Dataset excerpts
######
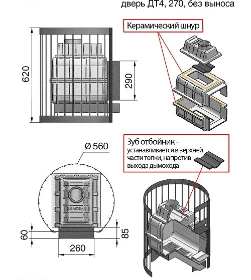Преимущество печи в том, что топка печи состоит из 3-х элементов. На стыке между ними используется керамический шнур с рабочей температурой 1200 градусов. То есть топка печи абсолютно герметична! Для фиксации деталей между собой применяется болтовое соединение, что даёт 100% гарантию безопасности при эксплуатации.
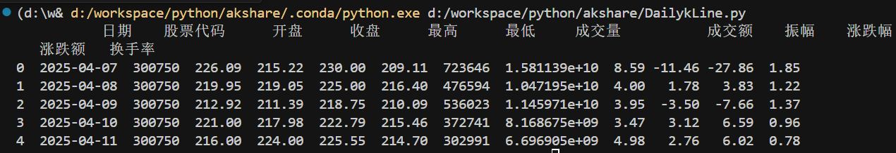 这里我的 adjust 使用的是 qwq,表示前复权。调用 stock_zh_a_hist 方法后得到的 df 是一个 pandas 中的 dataframe。pandas 是一个 python 的数据分析包,专门用于高效处理结构化数据(如表格、时间序列等),一般在数据科学、机器学习和数据分析领域会经常用到。而 dataframe 则是 pandas 中的一个数据结构,是一个二维表格,类似 excel。
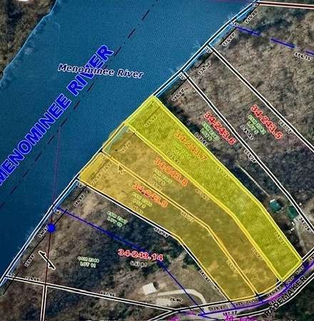 Est $891/moNestled along the picturesque bank of the Menominee River are 3 exceptional Buildable Parcels. Together a remarkable 6.36 acre awaits. With over 400 ft of waterfront, the property offers access to fishing, kayaking and breath taking views. Enjoy immediate recreational access with a U shaped driveway leading you to 2 distinct clearings for camping. The property includes lean-to firewood shed, hand pump sand point well, charming boardwalk and electricity at the road. This property is perfect for the outdoor enthusiast while offering endless possibilities for future development and building.
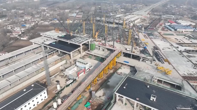 其中,站房钢结构安装已经完成55%左右,计划1月10日整体吊装,为全力保障项目按节点完成,元旦期间项目建设不停工、不放假。各参建单位人员全部坚守岗位,确保2026年6月项目建设完成并投入使用。”
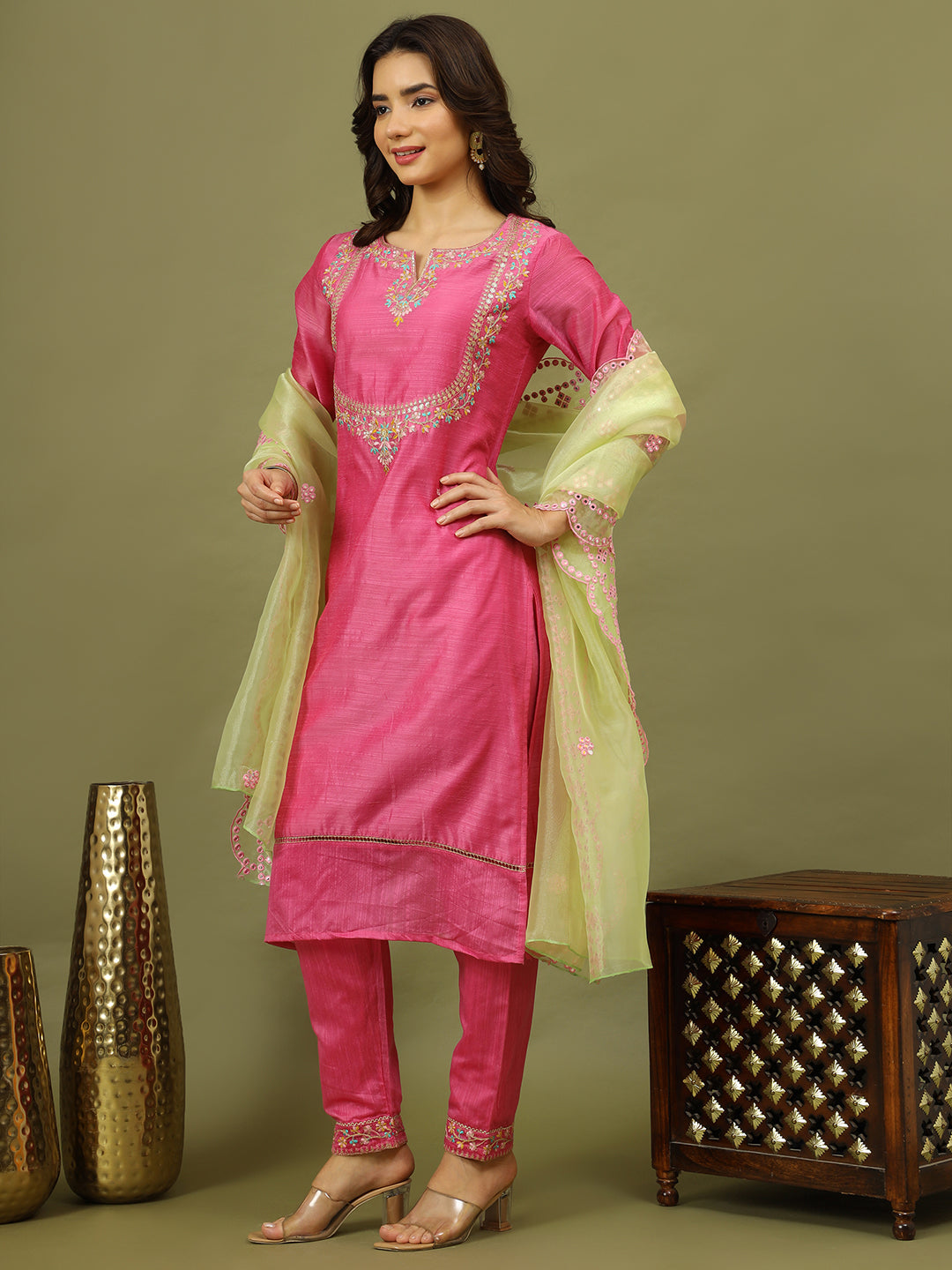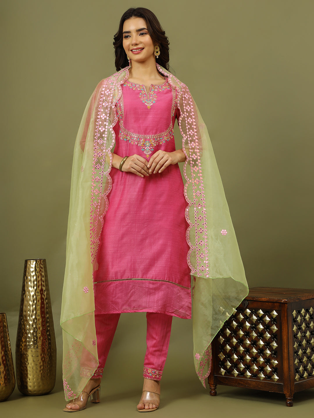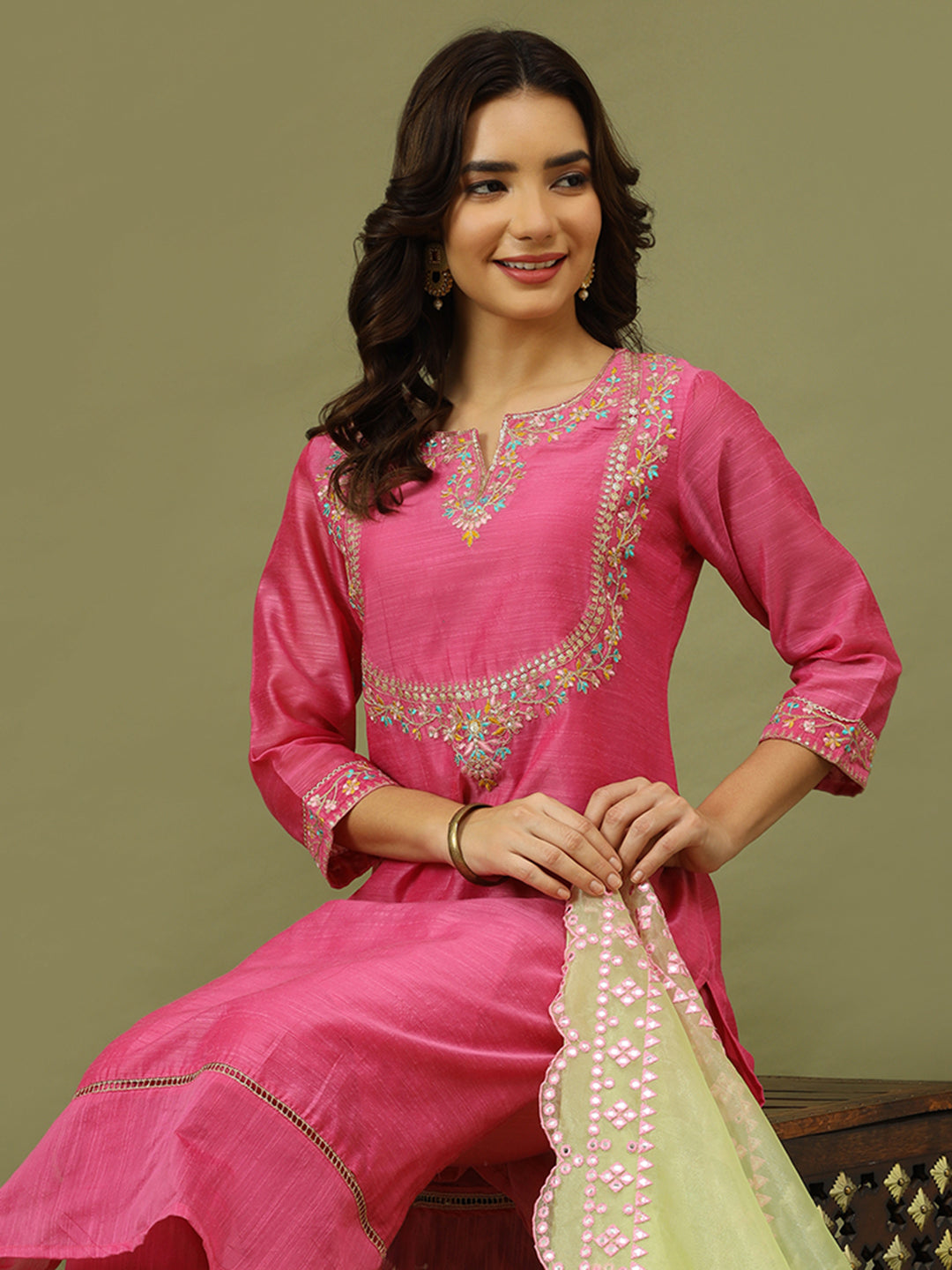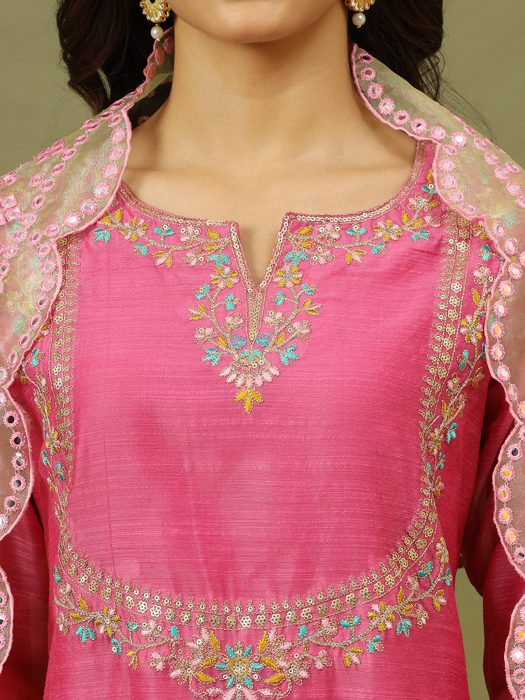Crafted from luxurious polyester, this elegant pink kurta set is designed to bring together refined craftsmanship and graceful style. The delicate floral embroidery adds a soft festive charm, making this ensemble an ideal choice for both festive and formal occasions.
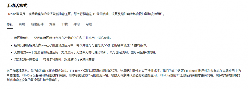 FILL-RITE 活塞式手动燃油输送泵FR20V系
######
→ **Task goal**
Print the records above exactly as they stand, but leave out the pictures.

→ **Your response**
Преимущество печи в том, что топка печи состоит из 3-х элементов. На стыке между ними используется керамический шнур с рабочей температурой 1200 градусов. То есть топка печи абсолютно герметична! Для фиксации деталей между собой применяется болтовое соединение, что даёт 100% гарантию безопасности при эксплуатации.
 这里我的 adjust 使用的是 qwq,表示前复权。调用 stock_zh_a_hist 方法后得到的 df 是一个 pandas 中的 dataframe。pandas 是一个 python 的数据分析包,专门用于高效处理结构化数据(如表格、时间序列等),一般在数据科学、机器学习和数据分析领域会经常用到。而 dataframe 则是 pandas 中的一个数据结构,是一个二维表格,类似 excel。
 Est $891/moNestled along the picturesque bank of the Menominee River are 3 exceptional Buildable Parcels. Together a remarkable 6.36 acre awaits. With over 400 ft of waterfront, the property offers access to fishing, kayaking and breath taking views. Enjoy immediate recreational access with a U shaped driveway leading you to 2 distinct clearings for camping. The property includes lean-to firewood shed, hand pump sand point well, charming boardwalk and electricity at the road. This property is perfect for the outdoor enthusiast while offering endless possibilities for future development and building.
 其中,站房钢结构安装已经完成55%左右,计划1月10日整体吊装,为全力保障项目按节点完成,元旦期间项目建设不停工、不放假。各参建单位人员全部坚守岗位,确保2026年6月项目建设完成并投入使用。”
Crafted from luxurious polyester, this elegant pink kurta set is designed to bring together refined craftsmanship and graceful style. The delicate floral embroidery adds a soft festive charm, making this ensemble an ideal choice for both festive and formal occasions.
 FILL-RITE 活塞式手动燃油输送泵FR20V系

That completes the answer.